Chronicling The Observer’s history

 

PHOTO BY ANTHONY J. MACHCINSKI/ THE OBSERVER: A SOURCE OF LOCAL NEWS FOR MORE THAN A CENTURY.

 

By Anthony J. Machcinski

On the morning of March 14, 1887, three young men sat in a small back room looking at their finished work. The three men, Philip E. Brockway and brothers Bernard and Edward Fredericks, had spent the whole night working feverishly on the first copy of Volume 1, Number 1 of The Arlington Observer, a four-page, five-column masterpiece. What has simply become just another newspaper in modern society must have been viewed as a work of art for those three men. Today, 125 years later, that plain, but pioneering publication has evolved into the multifaceted collaboration of compositions you hold in your hands.

Formed 20 years after an act of the New Jersey Legislature created the Township of Kearny in 1867, The Observer has grown and changed as much as the town around it.

Judging from a town map from 1893, only six short years after the paper was born, Kearny looked much like many towns in western Jersey look today: spacious. The three men who started that paper on what was known as McCloud’s Block, now Elm St. (where Elm St. currently intersects with Midland Ave.) would be shocked to see the sheer amount of change just in their corner of town. Even the description of what was then known as Arlington from one of the men says it all: “Its western borders are washed by the placid Passaic.” Despite its poetic pageantry, I’d fi nd it hard to believe that anyone would describe the Passaic River as “placid” these days.

 

Photo by Anthony J. Machcinski

 

Even the Greenwood Lake branch of the Erie Railroad, once the lifeline of Kearny, has changed names countless times before its last owner, New Jersey Transit, stopped service in 2002.

The paper itself has seen a great deal of change since 1887. The three men who spent all night putting together four pages of material would be amazed to hear that graphic designers now can put our 32-page newspaper together within a couple of hours.

Of course, like many contemporaneous businesses since then, The Observer has changed hands on several occasions. Along with several others, the paper has been owned by Col. Theodore C. Wildman, Messrs. Perley and Burroughs, J.D. Beckwith, J.W. Speare, and William W. Beadell. The present version of the paper came into being in April 1935 when The Observer and the West Hudson Record merged.

The current owner of the Observer, Mary Tortoretti, took over the paper with her husband Anthony in 1972. As we pass our 125th birthday and look toward the future, one thing remains unchanged. While it is unclear whether of Brockway or one of the Fredericks wrote the following testimonial, it still rings true to this day.

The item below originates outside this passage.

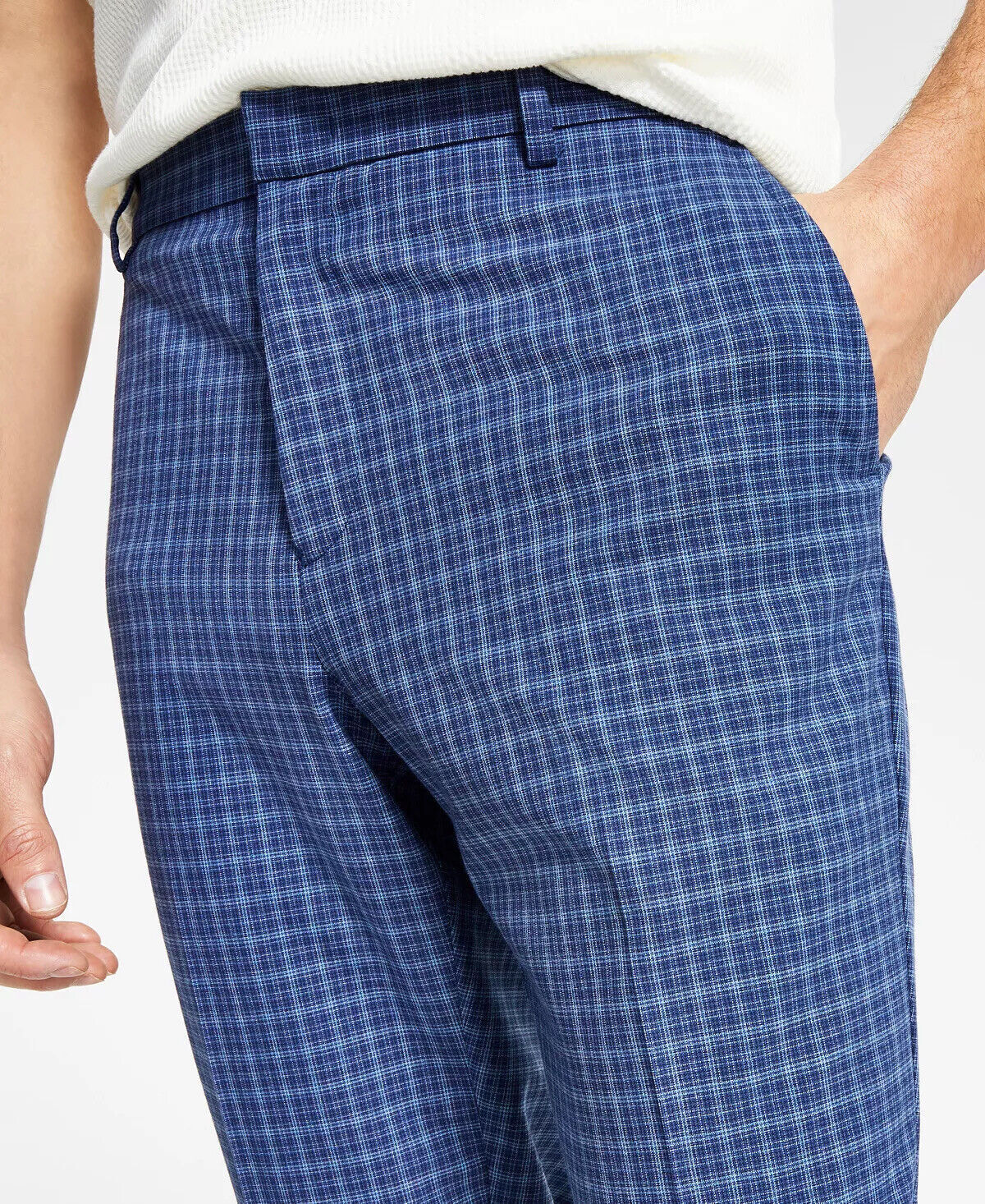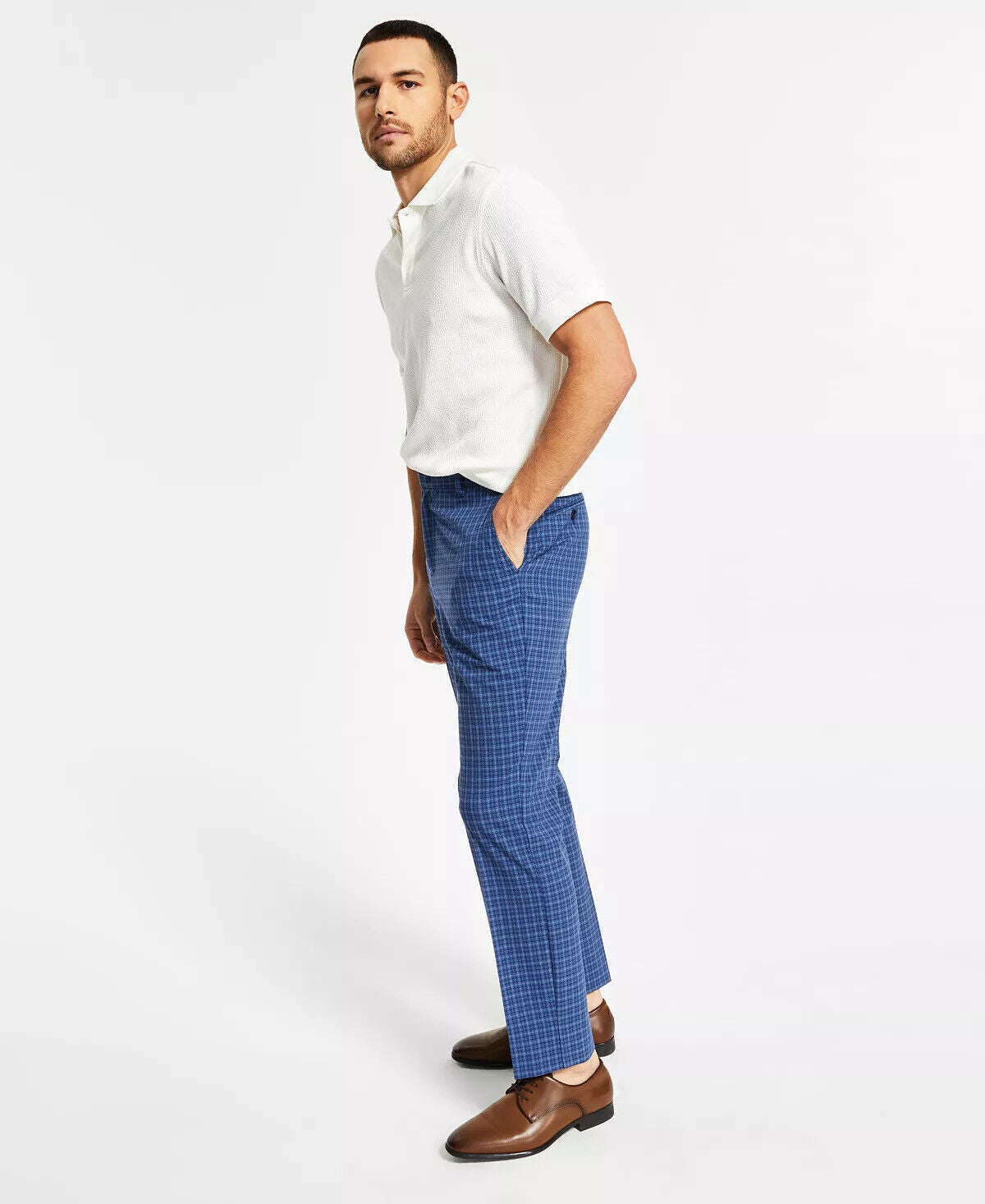 Tommy Hilfiger updates the classic windowpane check with the brisk blue-tone and sleek modern cut of these handsome, easy-care dress pants.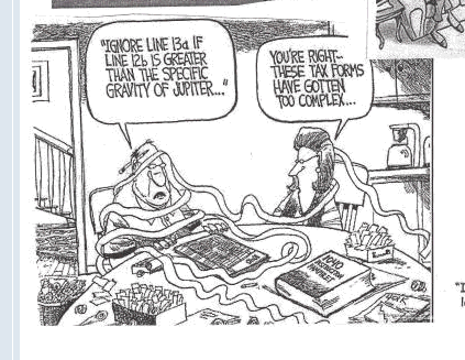My Federal tax package for this year consisted of Forms 1040 and 2210, Schedules A, B, C, D and SE, and Publications 463 and 1542. And even that wasn't exactly difficult. No calculus, no linear algebra, just a bunch of simple fixed-point addition and subtraction. Basically mathematics at a second-grade level.

After citing an extensive list of infrastructure improvements in town, including mass transit and new utilities, one of the three men wrote, “Therefore, all things considered, Arlington offers many advantages to both manufacturers and residents.”

Today, with improvements in all those comforts as well as technological advancements, a newspaper that has become the backbone of the community can be added to that list.